The Redis Solution: A High-Speed Data Layer

By introducing Redis as a cache, we can store the result of that 200ms query. Subsequent requests can get the same data from Redis in less than 1ms.

Implementation Flow (Cache-Aside Pattern)

This is the most common caching strategy. The application code is responsible for checking the cache before hitting the database.

1. The application receives a request for the “Top 10 Bestsellers.”
2. CHECK CACHE: It first checks Redis for a key, e.g., bestsellers:top10.
3. CACHE HIT: If the key exists in Redis (a “cache hit”), the application retrieves the data from Redis, formats it, and returns it to the user. The process stops here.
4. CACHE MISS: If the key does not exist in Redis (a “cache miss”), the application proceeds to the next step.
5. QUERY DATABASE: It runs the original expensive query against the primary database.
6. POPULATE CACHE: The application takes the result from the database and saves it into Redis using the key bestsellers:top10. Crucially, it sets a TTL (Time To Live), for example, 10 minutes (EXPIRE bestsellers:top10 600).
7. The application returns the data to the user.
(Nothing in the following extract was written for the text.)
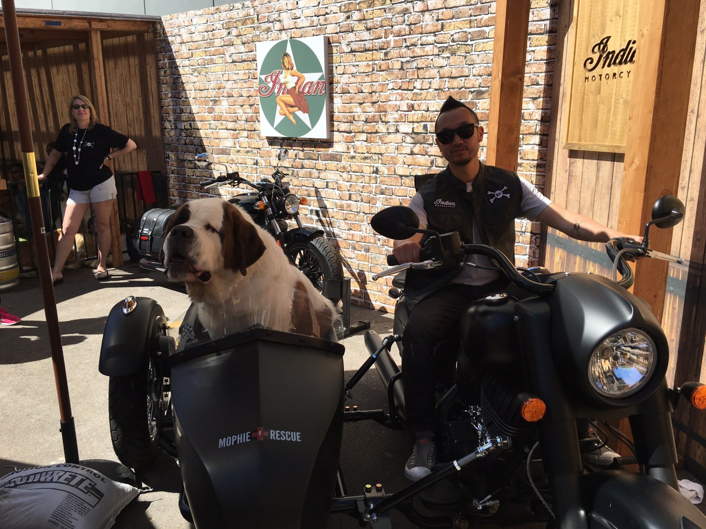 Your cell phone’s battery life takes a beating during SXSW. Mophie was on hand, though, sending out rescue dogs with chargers to help people who were running low on juice. And, because everything is done on a big scale here, they arrived in the sidecars of Indian Motorcycles.

The next user who requests the same data will get a “cache hit” (step 3) and experience a lightning-fast response.

Diagram: Cache-Aside Flow

            +-----------+      1. Request for Data      +-----------------+
            |   User    | ----------------------------> |  Spring Boot App  |
            +-----------+                               +--------+--------+
                                                                 | 2. Check Cache
                                                                 v
                                                            +----------+
                                                            |  Redis   |
                                                            | (Cache)  |
                                                            +----+-----+
                                                                 |
            +----------------------------------------------------+-------------------------------------------------+
            |                                                                                                      |
      3a. Cache HIT (Data Found)                                                                           3b. Cache MISS (Not Found)
            |                                                                                                      |
            v                                                                                                      v
  +---------+---------+                                                                                    +--------------------+
  | Return data from  |                                                                                    | 4. Query Primary DB|
  |      Redis        |                                                                                    +---------+----------+
  +-------------------+                                                                                              |
            ^                                                                                                        v
            | 7. Return Data to User                                                                         +--------------------+
            +------------------------------------------------------------------------------------------------| 5. Store result in |
                                                                                                             |    Redis w/ TTL    |
                                                                                                             +--------------------+
                                                                                                                       | 6. Return Data
                                                                                                                       v
                                                                                                                (Back to App)

Spring Boot Context

Spring Boot makes this incredibly simple with its caching abstraction. You don’t have to write the cache-aside logic manually.

• Add the dependency spring-boot-starter-data-redis.
• Add @EnableCaching to a configuration class.
• Use the @Cacheable("bestsellers") annotation on your method that fetches data from the database. Spring will automatically handle the entire cache-aside flow for you.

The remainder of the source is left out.